Purvii: Inside the New MLM Built on a Questionable Health App
A health scanning app that claims medical-grade accuracy. Nutritional supplements. An Indiana-based couple who've cycled through multiple MLM companies. This is Purvii, the newest entry in the crowded world of multilevel marketing.
Tony and Jenny Lusby launched Purvii in June 2023, registering the domain just three months earlier. On LinkedIn, Jenny calls herself CEO and founder. Tony says the same thing on Facebook. Neither role appears on Purvii's website, where a third figure, Derrick DeSilva, is listed in the "about us" section with no explanation of what he actually does.
The Lusbys aren't new to the MLM game. They've promoted Monavie, FGXpress, and Zilis—where they reached Black Diamond Elite, one of the company's highest distributor ranks. They left Zilis sometime around late 2021 or early 2022. Why they walked away from that top position remains unexplained.
The centerpiece of Purvii's operation is Purscan, a mobile app that uses your phone's camera to measure health metrics. Here's how it works: the app shines light through your skin, captures video of reflected light, and uses transdermal optical imaging (TOI) to extract blood flow information from your face. That data gets sent to cloud servers running what Purvii calls an "Affective AI engine."
The company claims this process can measure heart rate, blood pressure, stress, BMI, diabetes risk, cholesterol risk, and blood glucose levels. The marketing materials trumpet "medical grade accuracy"—with an asterisk. Purvii never explains what that asterisk means.

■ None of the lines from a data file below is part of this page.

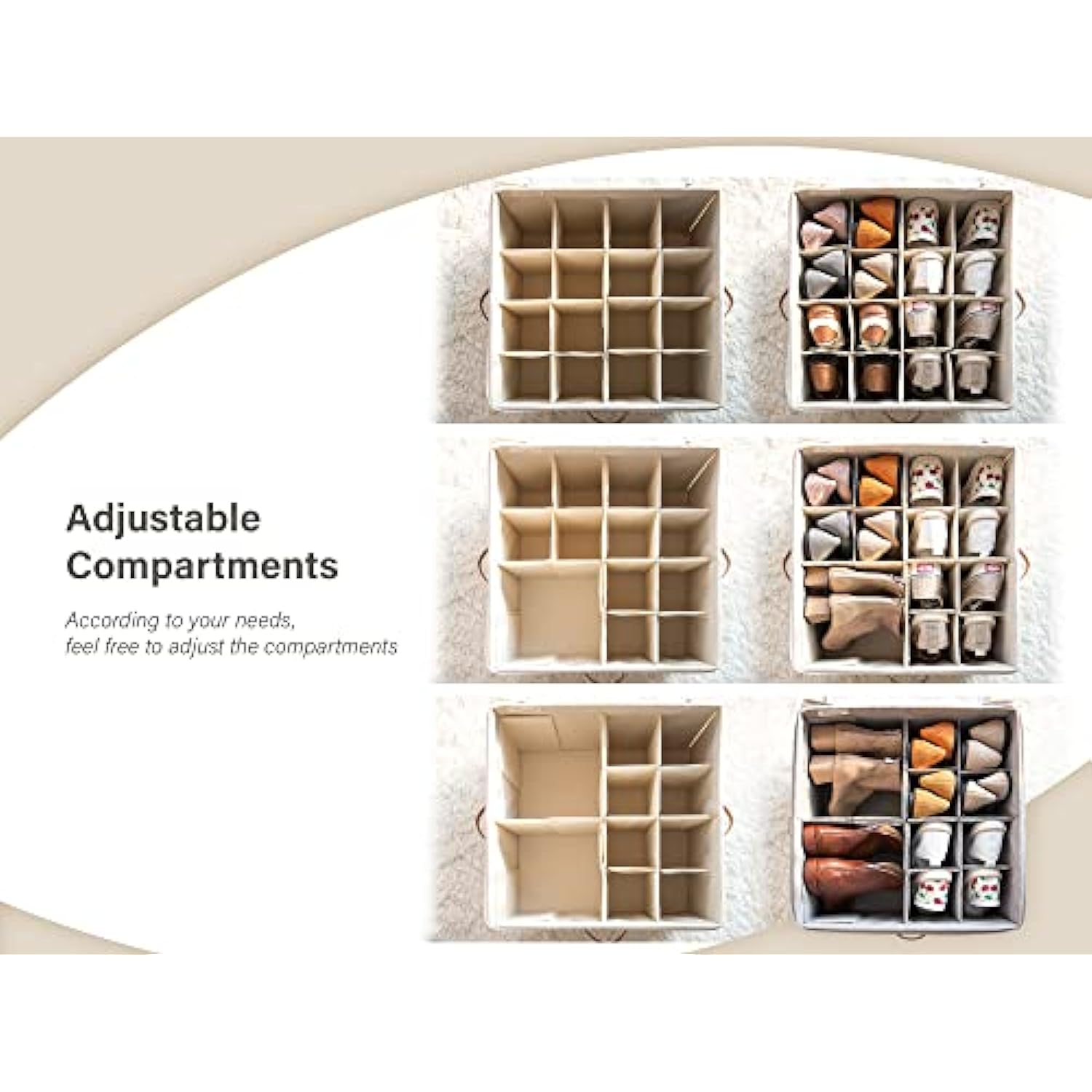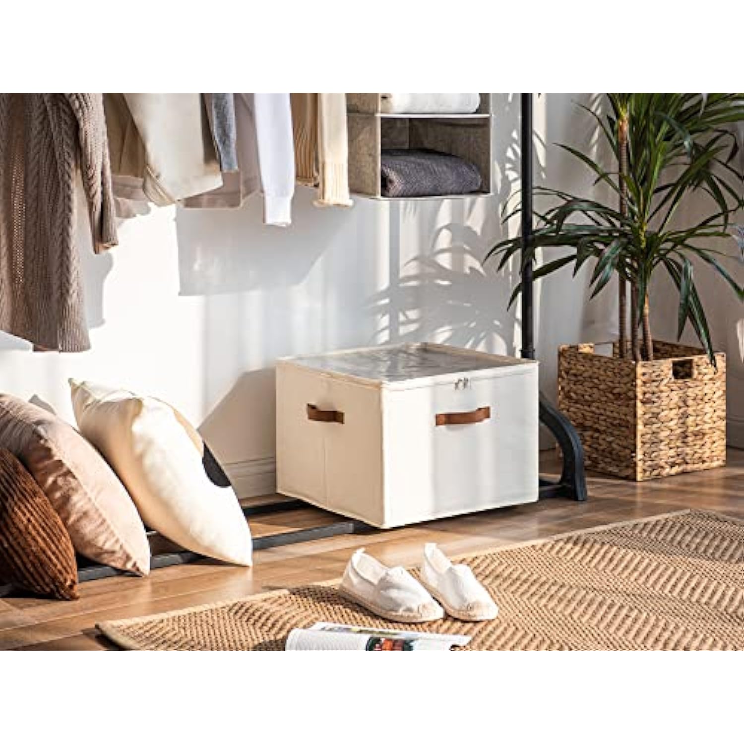 Fabric Shoe Storage Bins with Clear Cover, Fits 16 Pairs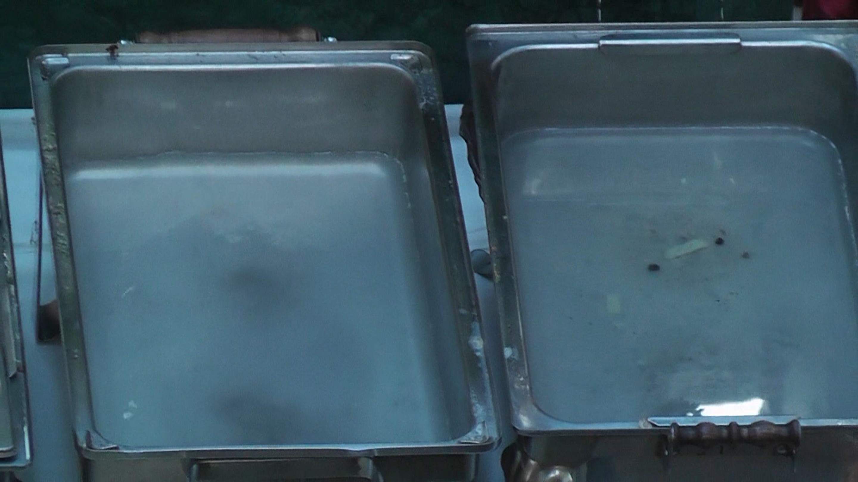 Ekelige Warmhaltewannen mit Essensrest, seit Tagen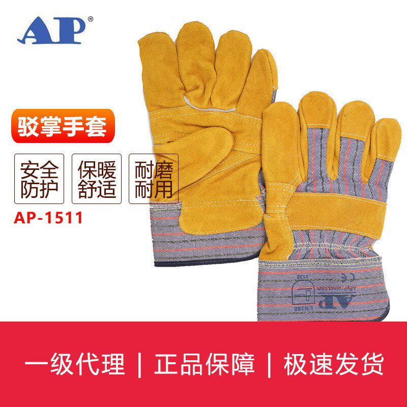 友盟AP-1511 金黄色驳掌手套 舒适吸汗劳保手套 搬运铸

But scroll down to the fine print in Purvii's shop section and you'll find the real disclaimer: Purscan is a screening tool, not a diagnostic tool. It doesn't replace your doctor. It doesn't diagnose, treat, prevent, or cure anything.

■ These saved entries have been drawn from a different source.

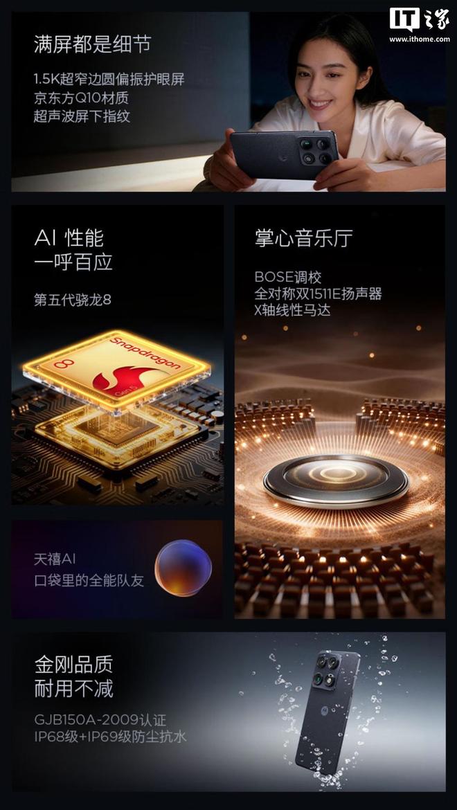 参数方面,这款手机将搭载第五代骁龙 8 芯片(骁龙 8 Gen 5),配备 1.5K 超窄边圆偏振护眼屏幕,拥有京东方 Q10 发光基材、超声波屏下指纹,配备 BOSE 调校的全对称双 1511E 扬声器以及 X 轴线性马达,支持 IP68+IP69 级防尘防水。
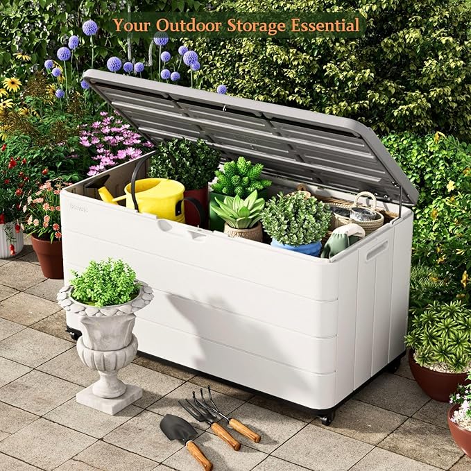 - 【Roll It Where You Need It】Dual heavy-duty wheels glide smoothly over decks and grass, no heavy lifting! Move seasonal items to the garage or shift the box to clean under it easily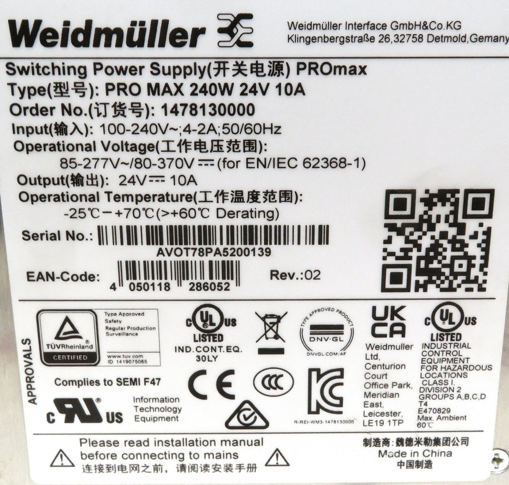 Weidmüller PRO MAX 1478130000 24V 10A 240W Power Supply DIN Rail Mount

So what's Purscan actually for? Access costs $39.95 monthly, which includes 60 scans. The app feeds data into Purvii's supplement recommendations—designed, presumably, to address whatever conditions the app claims to detect.

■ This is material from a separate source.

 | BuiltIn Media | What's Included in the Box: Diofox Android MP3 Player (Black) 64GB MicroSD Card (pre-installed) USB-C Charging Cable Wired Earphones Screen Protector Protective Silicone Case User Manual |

This setup presents an obvious problem. A non-diagnostic screening tool generates health data. That data triggers supplement recommendations. Customers buying those supplements based on app results that don't actually diagnose anything. It's a closed loop designed to move product.
The Lusbys have already proven they know how to work MLM systems. The question now is whether Purvii's health claims can withstand scrutiny. An app that reads light reflected off your face isn't peer-reviewed medicine, regardless of what the marketing says.
🤖 Quick Answer
What is Purvii and when was it founded?Purvii is a multilevel marketing company launched in June 2023 by Tony and Jenny Lusby. The company combines a health scanning application claiming medical-grade accuracy with nutritional supplements, operating from Indiana as part of the broader MLM industry landscape.
Who are the founders of Purvii?
Tony and Jenny Lusby founded Purvii, with Jenny identifying herself as CEO and founder on LinkedIn. Tony claims the same roles on Facebook. A third figure, Derrick DeSilva, appears in the company's "about us" section without clearly defined responsibilities.
What is the background of Purvii's founders in the MLM sector?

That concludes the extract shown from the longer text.